WHAT THIS TASK INVOLVES:
In your copy, set down the entries exactly and exclude the pictures.
☆ ☆ ☆ ☆
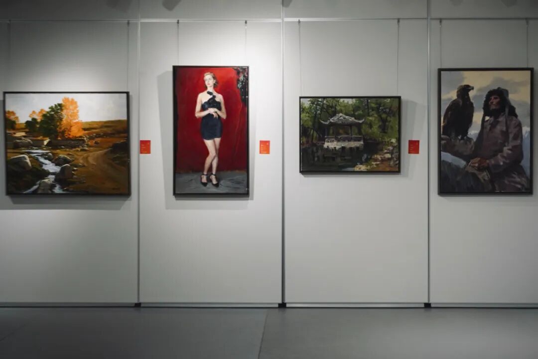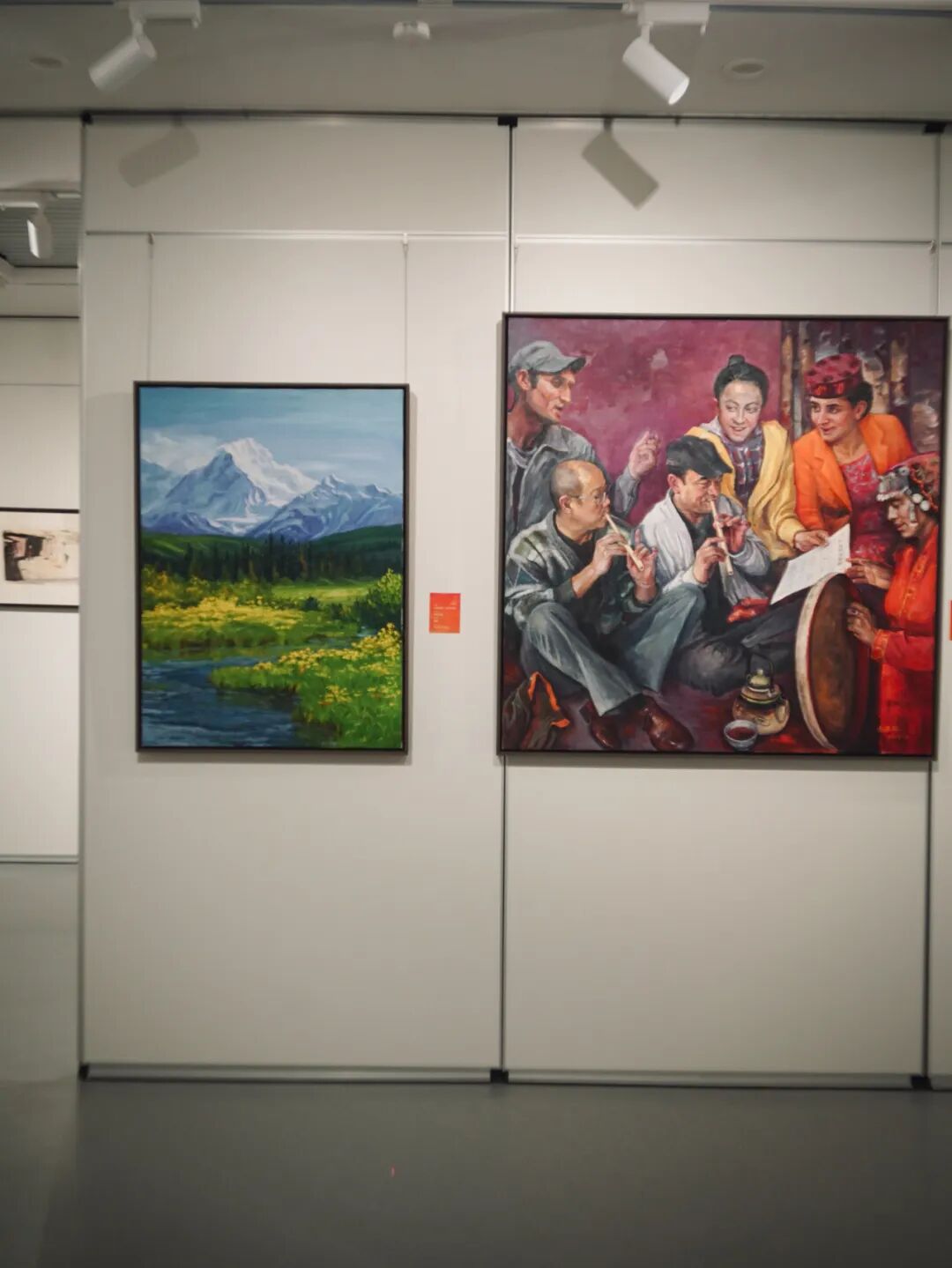 在同一展館,還有場免費(fèi)的畫展——“蘇韻伊情·伊路有寧”美術(shù)作品交流展。
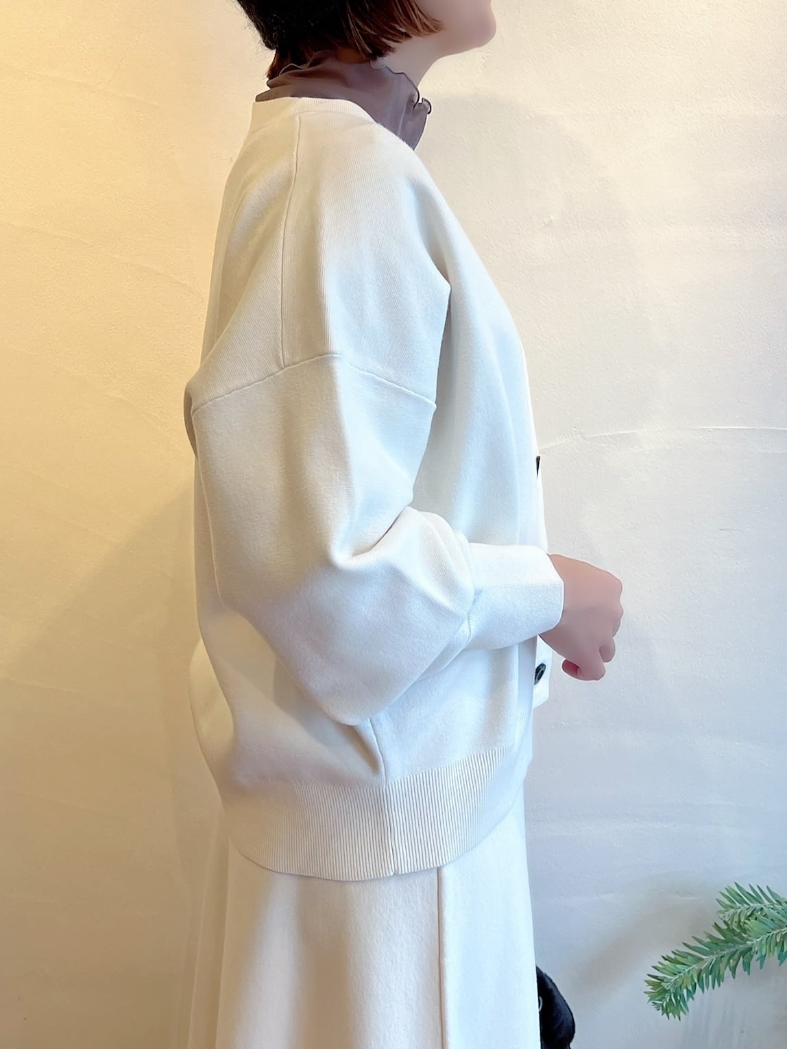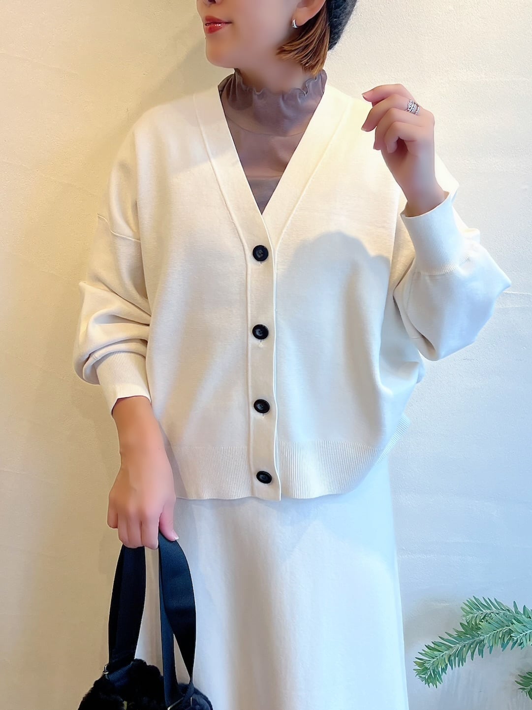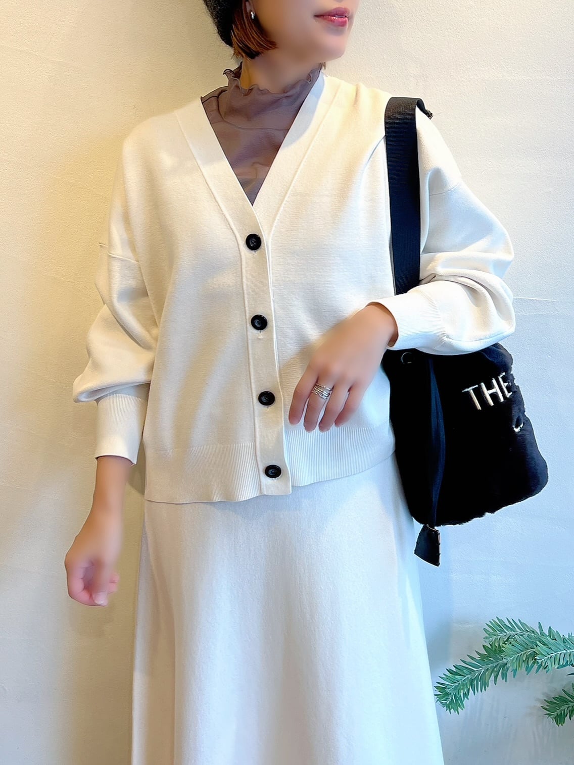ゆるっとした身幅に、短めの着丈のミラノリブ編みVネックカーディガン。広めにとったアームホールで、重ね着もストレスなく楽しめる一枚です。袖口の立体感あるシルエットもポイント。カットソーのような安定感あるストレッチ糸を使用。目の詰まった編み地のきれいさがあります。
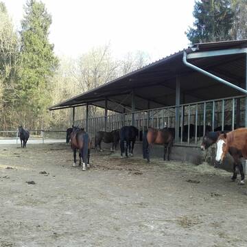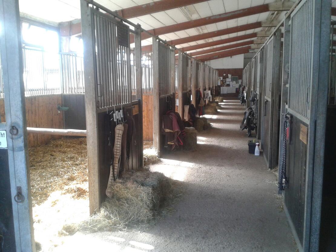 Unser Stall ist hell und luftig mit 25 Pferdeboxen . Täglich ist ein Koppelservice in 2 er Gruppen im Pensionspreis enthalten. Auch im Winter !!!
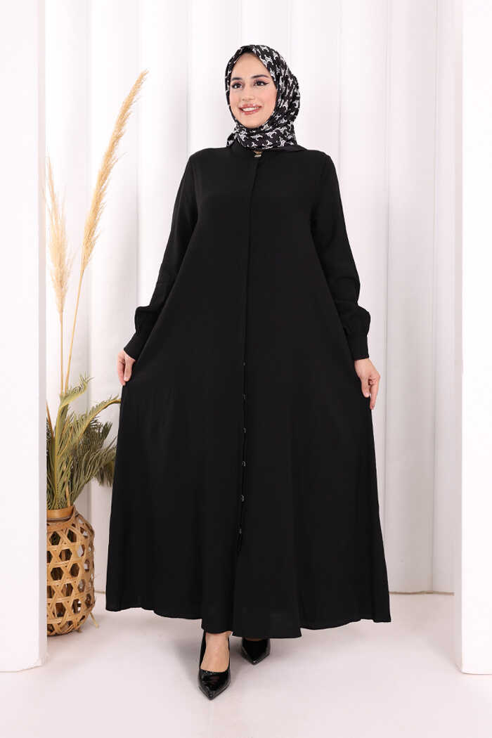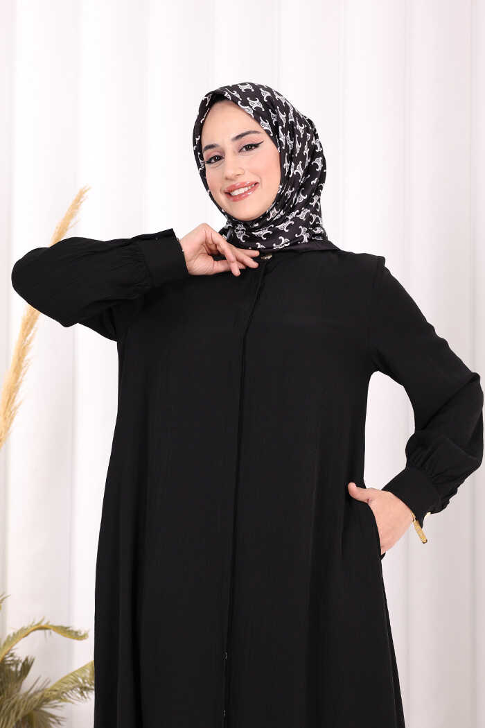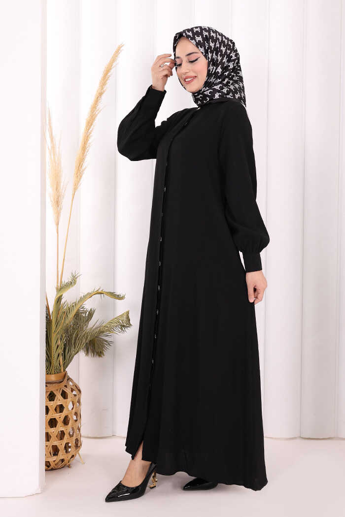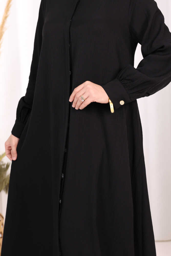 Boydan Düğmeli Elbise 7053 Siyah
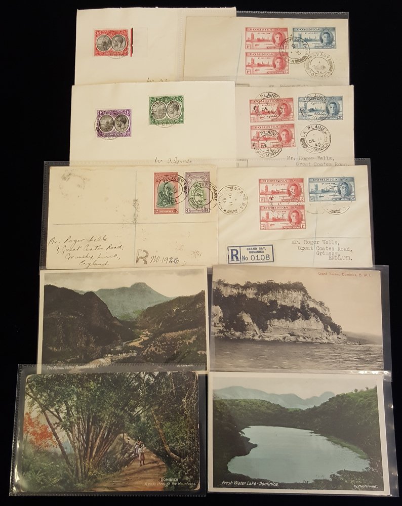 1930-40's pair of covers Roseau to London with KGV ½d + 1d or 1½d, tied Roseau/Dominica c.d.s. Four reg. 'ROGER WELLS' covers franked 5½d Victory vals, pmks - Grand Bay, La Paline, Mahaut, also 1951 University Coll. pair postmarked Petite Savanne, plus four unused PPCs of island views. (10 items)
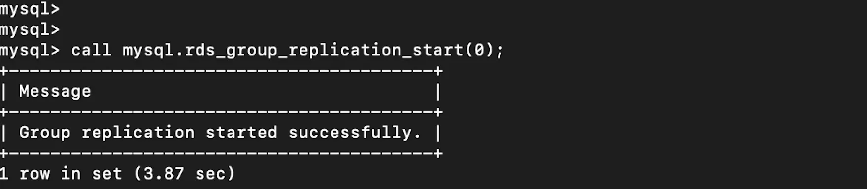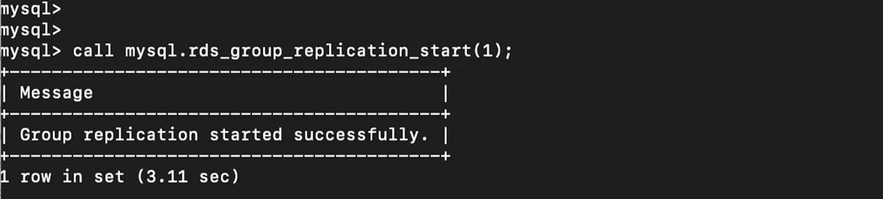 Once completed, our Group Replication (GR) cluster with RDS is up and running. You can verify the status by executing the following query on any of the nodes:
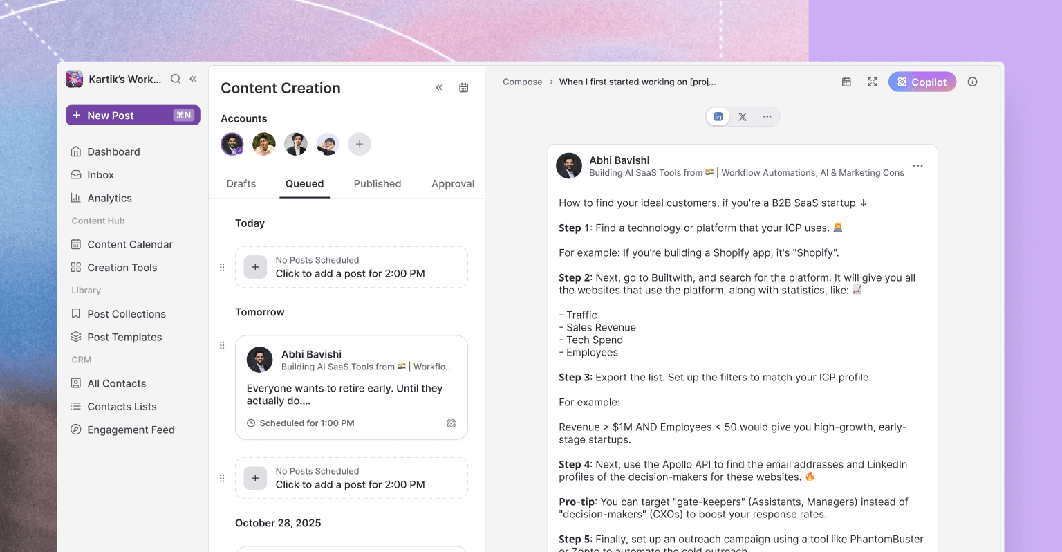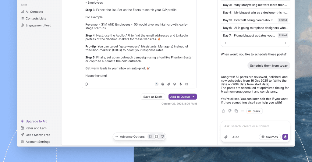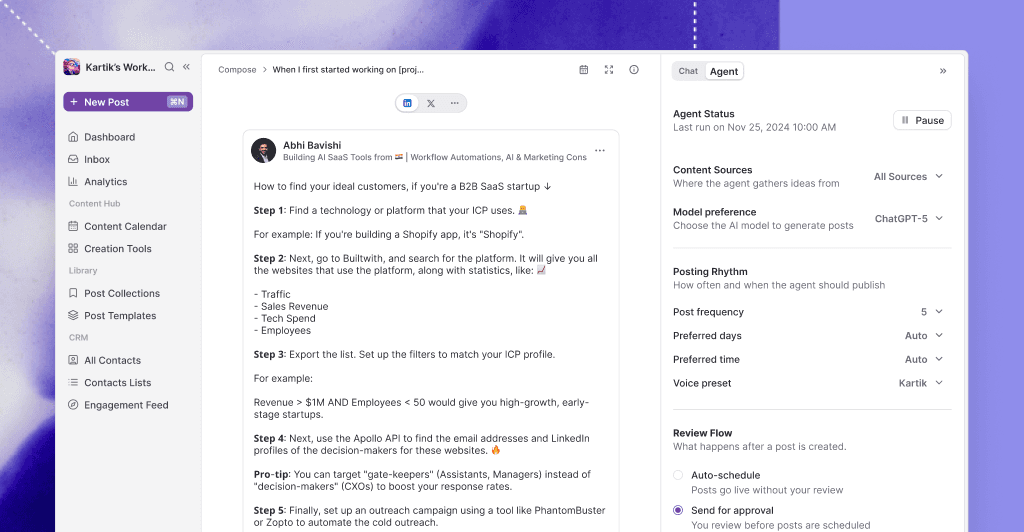 Create posts, design carousels, schedule your week, and save the best posts to your swipe file. Stay consistent without burning out.
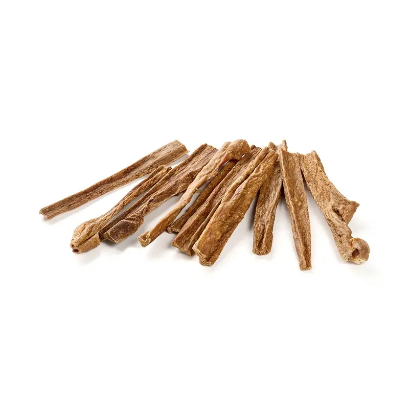 Wenn's ein bisschen mehr sein darf: der schonend getrocknete Kuheuter hat einen Fettgehalt von 30% – ideal für Hunde, die etwas mehr auf die Rippen bekommen dürfen. Die Stücke sind schön fest, aber gut zu kauen – und wie hier als Sticks auch sehr gut für kleinere Hunde zu portionieren.
☆ ☆ ☆ ☆
WRITTEN ANSWER:
 在同一展館,還有場免費(fèi)的畫展——“蘇韻伊情·伊路有寧”美術(shù)作品交流展。
ゆるっとした身幅に、短めの着丈のミラノリブ編みVネックカーディガン。広めにとったアームホールで、重ね着もストレスなく楽しめる一枚です。袖口の立体感あるシルエットもポイント。カットソーのような安定感あるストレッチ糸を使用。目の詰まった編み地のきれいさがあります。
 Unser Stall ist hell und luftig mit 25 Pferdeboxen . Täglich ist ein Koppelservice in 2 er Gruppen im Pensionspreis enthalten. Auch im Winter !!!
 Boydan Düğmeli Elbise 7053 Siyah
 1930-40's pair of covers Roseau to London with KGV ½d + 1d or 1½d, tied Roseau/Dominica c.d.s. Four reg. 'ROGER WELLS' covers franked 5½d Victory vals, pmks - Grand Bay, La Paline, Mahaut, also 1951 University Coll. pair postmarked Petite Savanne, plus four unused PPCs of island views. (10 items)
 Once completed, our Group Replication (GR) cluster with RDS is up and running. You can verify the status by executing the following query on any of the nodes:
 Create posts, design carousels, schedule your week, and save the best posts to your swipe file. Stay consistent without burning out.
 Wenn's ein bisschen mehr sein darf: der schonend getrocknete Kuheuter hat einen Fettgehalt von 30% – ideal für Hunde, die etwas mehr auf die Rippen bekommen dürfen. Die Stücke sind schön fest, aber gut zu kauen – und wie hier als Sticks auch sehr gut für kleinere Hunde zu portionieren.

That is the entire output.